Network Connections Folder
The Network Connections folder and the notification area icons provide information about the state of the authentication. If an authentication requires additional information from the user, such as selecting one of multiple user certificates, a text balloon appears instructing the user. Within the Network Connections folder, the text under the name of the connection corresponding to the wireless network adapter indicates the status of the connection.
Figure 1 shows the information available for a wireless connection in the Windows XP Network Connections folder.
In Windows XP Service Pack 2 (SP2) and Windows Server 2003 with Service Pack 1, the Repair capability has been enhanced for wireless connections. You can access the Repair capability through the Repair context menu option of a connection or from the Repair button on the Support tab of the Status dialog box of a connection.

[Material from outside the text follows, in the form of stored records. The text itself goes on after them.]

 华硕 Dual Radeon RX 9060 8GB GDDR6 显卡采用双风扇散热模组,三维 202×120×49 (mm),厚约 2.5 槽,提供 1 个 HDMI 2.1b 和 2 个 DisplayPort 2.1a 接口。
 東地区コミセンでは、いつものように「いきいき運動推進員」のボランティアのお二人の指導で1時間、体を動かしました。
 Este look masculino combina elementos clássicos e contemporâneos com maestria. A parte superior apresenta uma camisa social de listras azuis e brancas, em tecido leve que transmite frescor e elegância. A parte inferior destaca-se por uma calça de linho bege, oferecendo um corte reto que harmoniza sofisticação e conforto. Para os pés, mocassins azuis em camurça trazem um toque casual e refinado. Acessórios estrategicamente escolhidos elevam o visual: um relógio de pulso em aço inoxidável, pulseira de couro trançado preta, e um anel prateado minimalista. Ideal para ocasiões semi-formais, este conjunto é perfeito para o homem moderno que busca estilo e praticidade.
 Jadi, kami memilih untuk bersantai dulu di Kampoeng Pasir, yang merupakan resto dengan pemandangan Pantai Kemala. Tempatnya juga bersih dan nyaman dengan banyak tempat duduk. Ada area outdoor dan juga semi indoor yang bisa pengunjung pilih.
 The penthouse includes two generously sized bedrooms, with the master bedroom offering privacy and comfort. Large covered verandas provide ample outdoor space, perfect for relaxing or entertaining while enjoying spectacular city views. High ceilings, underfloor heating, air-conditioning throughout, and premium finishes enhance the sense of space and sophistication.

When you repair a wireless connection, it is disabled and re-enabled, which clears many error conditions on wireless network adapters.
When a wireless client running Windows XP with SP2 or Windows Server 2003 with Service Pack 1 attempts a wireless connection, it goes through the following authentication states, which are indicated as the status of the wireless connection in the Network Connections folder, and in the new wireless connection Status dialog box, and in the Wireless Network Connection dialog box:
Validating identity Credentials are required for connecting to the wireless network.

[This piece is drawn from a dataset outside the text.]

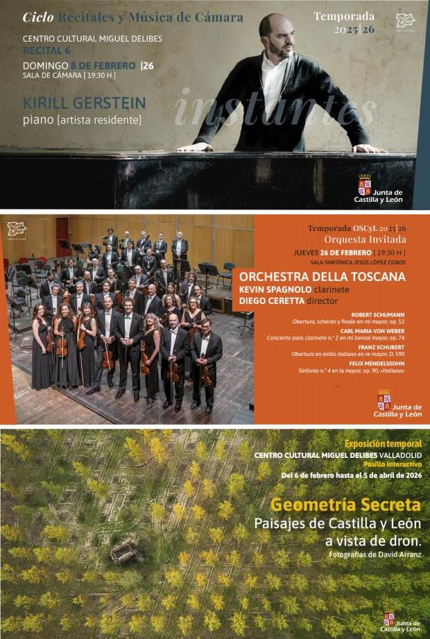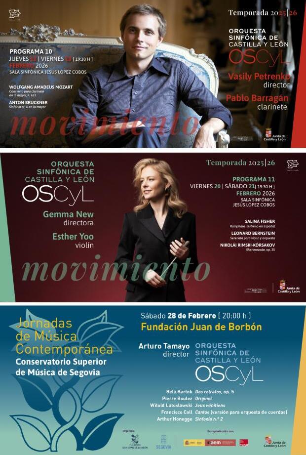 Dentro de las novedades musicales destacamos el recital que presenta el pianista Kirill Gerstein, dentro del Ciclo de Recitales y Música de Cámara, y los dos conciertos de la Temporada 2025-26 que ofrecerá la Orquesta Sinfónica de Castilla y León. El primero bajo la batuta del maestro Vasily Petrenko, con el solista de clarinete, Pablo Barragán, y el segundo dirigido por Gemma New y acompañada de la solista de violín, Esther Yoo. La Orquesta también participa en las Jornadas de Música Contemporánea de la Fundación Juan de Borbón, de Segovia, en las que ofrecerá un concierto el 28 de febrero con el maestro Arturo Tamayo en el podio.
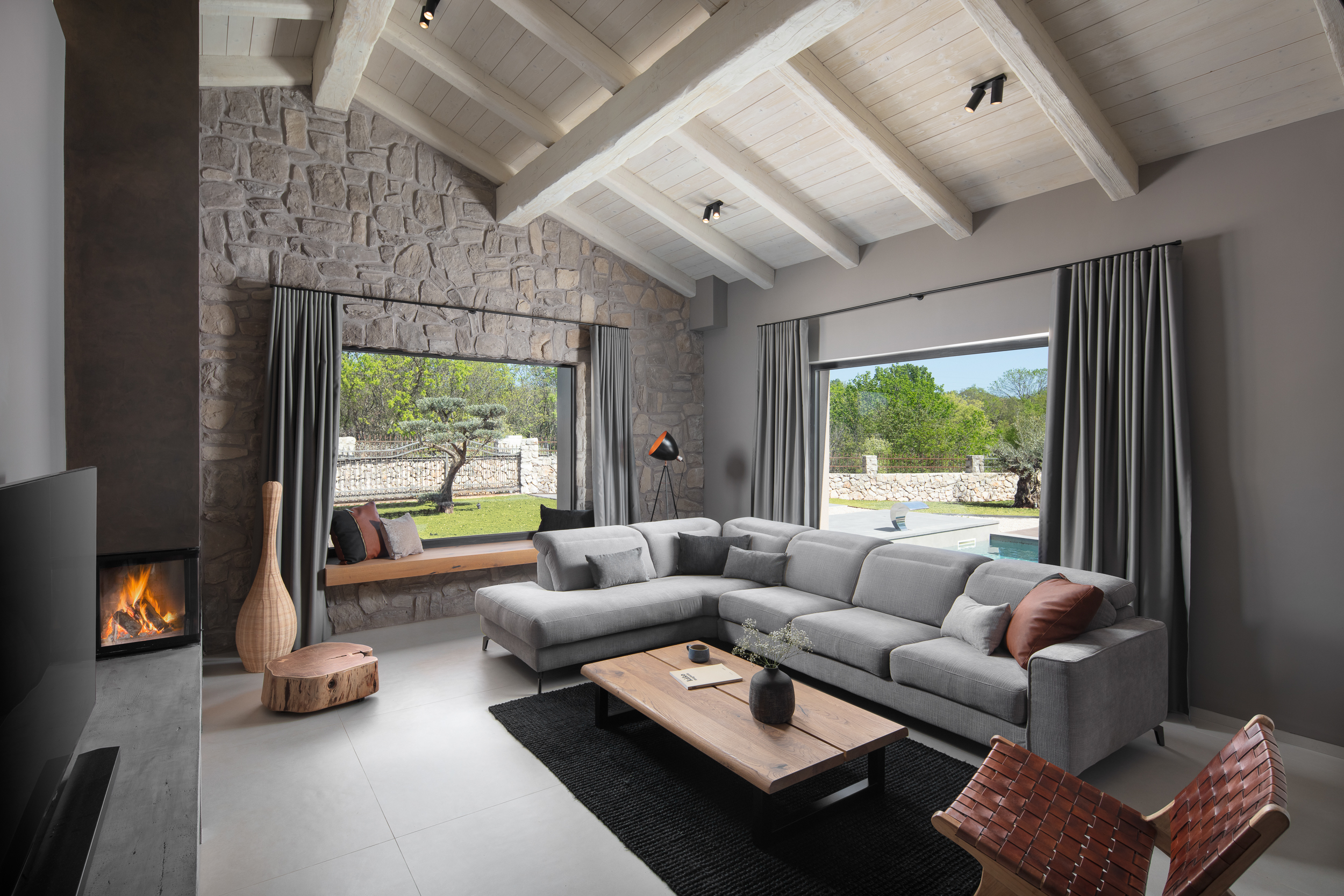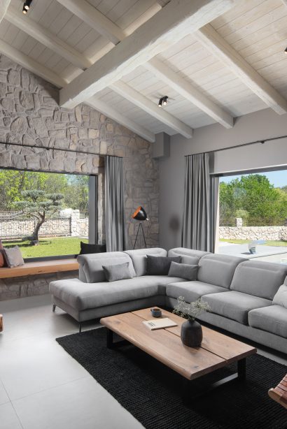 Villa Capri na otoku Krku predstavlja izvanrednu kombinaciju modernog i rustikalnog dizajna te arhitekture. Njezin karakter očarava spoj suvremenih elemenata s tradicionalnim što stvara jedinstvenu estetiku koja istovremeno osvaja srca ljubitelja i modernog i klasičnog stila. Posebno je istaknuto to što tri strane kuće imaju fasadu od punog kamena, dodajući još više šarma i autentičnosti njezinom vanjskom izgledu.

Attempting to authenticate Credentials are being exchanged with the wireless network to authenticate a wireless connection.
Authentication did not succeed The credentials for connecting to the wireless network were not valid and authentication has failed.
Connected The credentials for connecting to the wireless network are valid.
Once authentication has succeeded, a wireless client running Windows XP with SP2 or Windows Server 2003 with Service Pack 1 then attempts to obtain a valid IP address configuration and goes through the following states, which are indicated as the status of the wireless connection in the Network Connections folder, and in the new wireless connection Status dialog box, and in the Wireless Network Connection dialog box:
Acquiring network address An IP address configuration is being obtained using the Dynamic Host Configuration Protocol (DHCP).
Limited or no connectivity A DHCP server was not contacted and an Automatic Private IP Addressing (APIPA) address from the range 169.254.0.0/16 was assigned. This state is not shown for wireless ad-hoc networks, which typically do not have DHCP servers. Instead, the status of the connection is displayed as “Connected.”
Connected A DHCP server was contacted and a valid IP address configuration was obtained.
These improvements give the user and the network troubleshooter more information about how the wireless connection is progressing, from the initial association to the allocation of a valid IP address.
If the wireless connection obtains an APIPA address, Windows XP with SP2 and Windows Server 2003 with Service Pack 1 warns you with the following message in the notification area of the desktop: "The connection has limited or no connectivity. You might not be able to access the Internet or some network resources. For more information, click this message." When you click on the message, Windows displays the Support tab of the Status dialog box for the wireless connection, from which you can view additional details or attempt to repair the connection.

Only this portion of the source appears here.